*ASSIGNMENT*. The data below should be copied out exactly, with its pictures omitted.

*AVAILABLE DATA*.
Start of Block

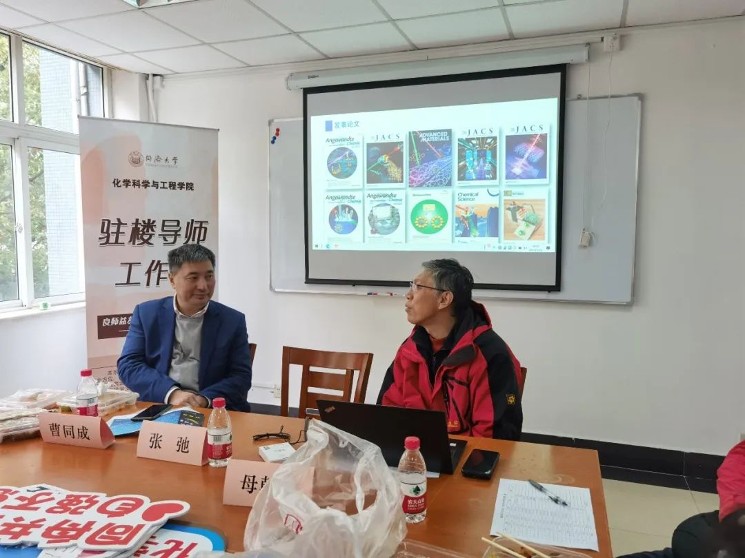他向同学们依次介绍了“光响应功能材料团队”的成员,以及团队目前研究的主要方向:无机功能晶态材料、电(化学)改性半导体光学性能、有机共轭功能分子。他结合学院国际科研合作平台的建立与运行情况,谈到学习平台的重要性,鼓励同学们努力学习,尽早确定专业志趣方向,多多了解有关课题组、科研平台等情况,牢记自己作为同济学子的使命,历练综合能力,不断奋进。
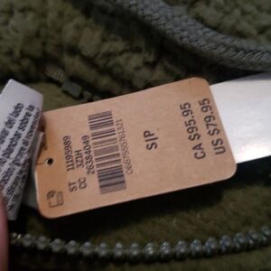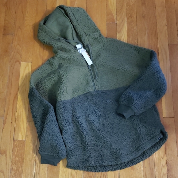 Stylish olive green hoodie. Features a cozy design with a zip closure.
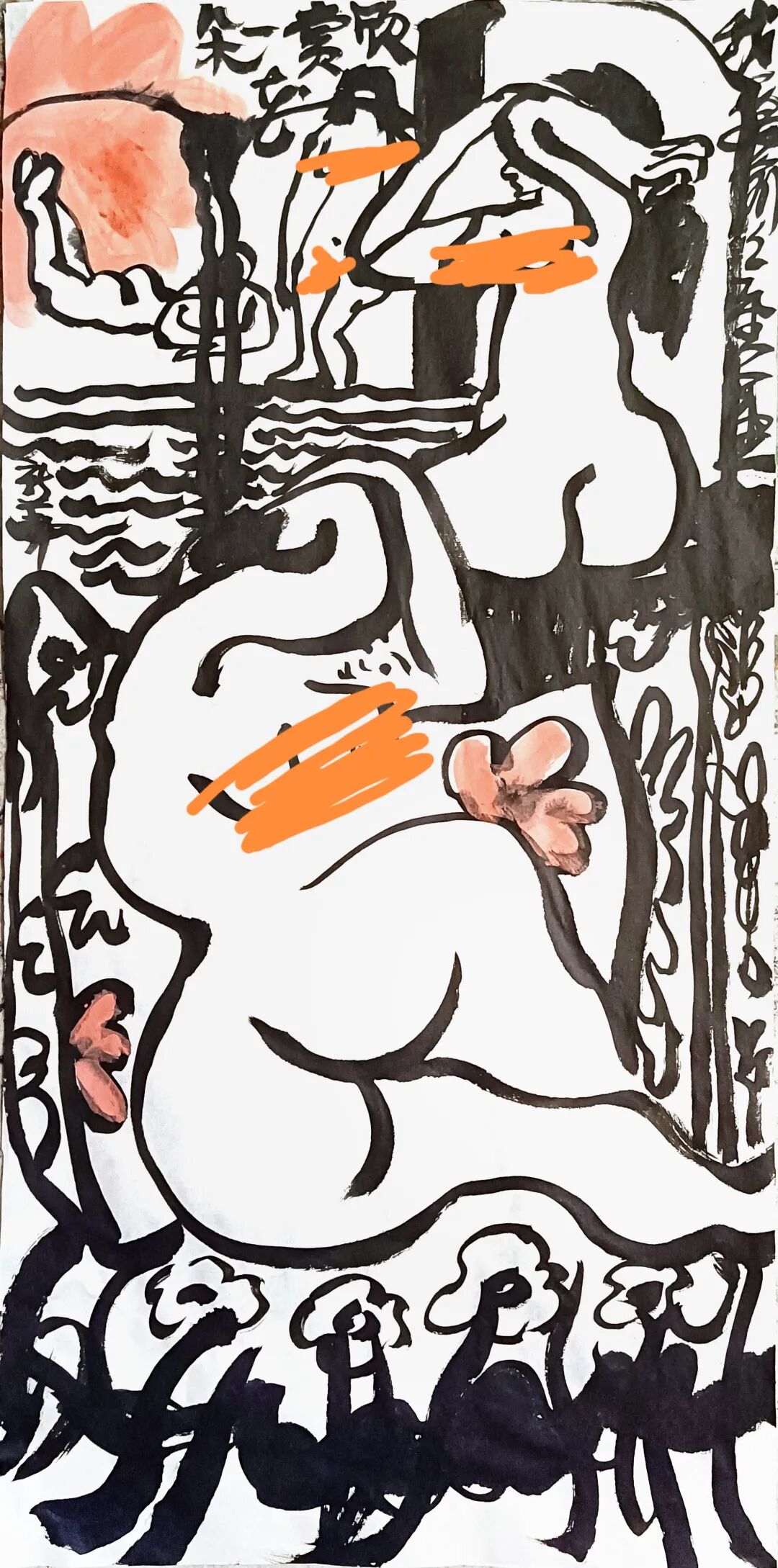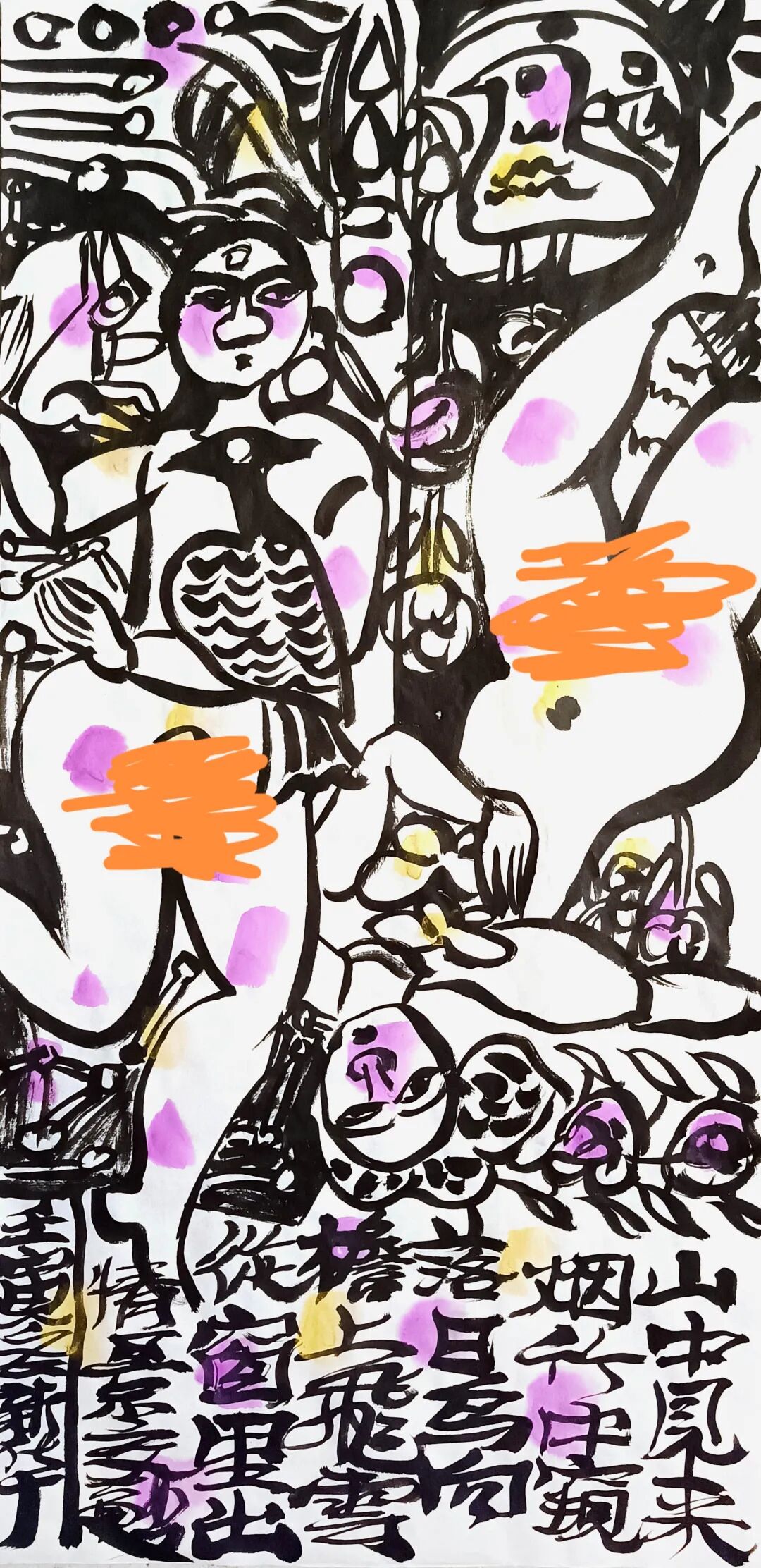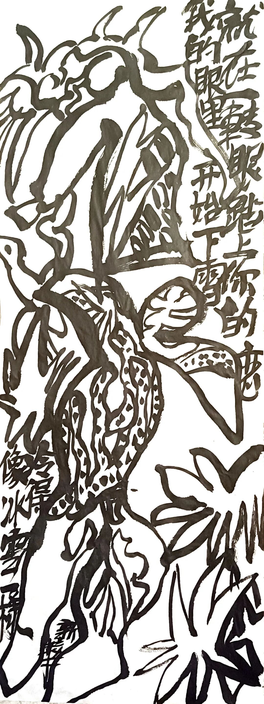 中国画近似图案,但不是图案。图案是劳作,画画是玩,图案是认真,画画是若不经意。太认真的人画不好画。图案是每根线都平均用力,有规律可寻,画画是每根线不能一样,图案是死板的,画画是灵活的。就像气功,太用心就走火入魔了?画画的根本精神状态是兴奋的,不完全受理性控制,自以为入心的在画是入了魔,画画的心是又在又不在的。跳来跳去不受限制,是自由的,灵动的。

End of Block

*EXERCISE RESULT*.
他向同学们依次介绍了“光响应功能材料团队”的成员,以及团队目前研究的主要方向:无机功能晶态材料、电(化学)改性半导体光学性能、有机共轭功能分子。他结合学院国际科研合作平台的建立与运行情况,谈到学习平台的重要性,鼓励同学们努力学习,尽早确定专业志趣方向,多多了解有关课题组、科研平台等情况,牢记自己作为同济学子的使命,历练综合能力,不断奋进。
 Stylish olive green hoodie. Features a cozy design with a zip closure.
 中国画近似图案,但不是图案。图案是劳作,画画是玩,图案是认真,画画是若不经意。太认真的人画不好画。图案是每根线都平均用力,有规律可寻,画画是每根线不能一样,图案是死板的,画画是灵活的。就像气功,太用心就走火入魔了?画画的根本精神状态是兴奋的,不完全受理性控制,自以为入心的在画是入了魔,画画的心是又在又不在的。跳来跳去不受限制,是自由的,灵动的。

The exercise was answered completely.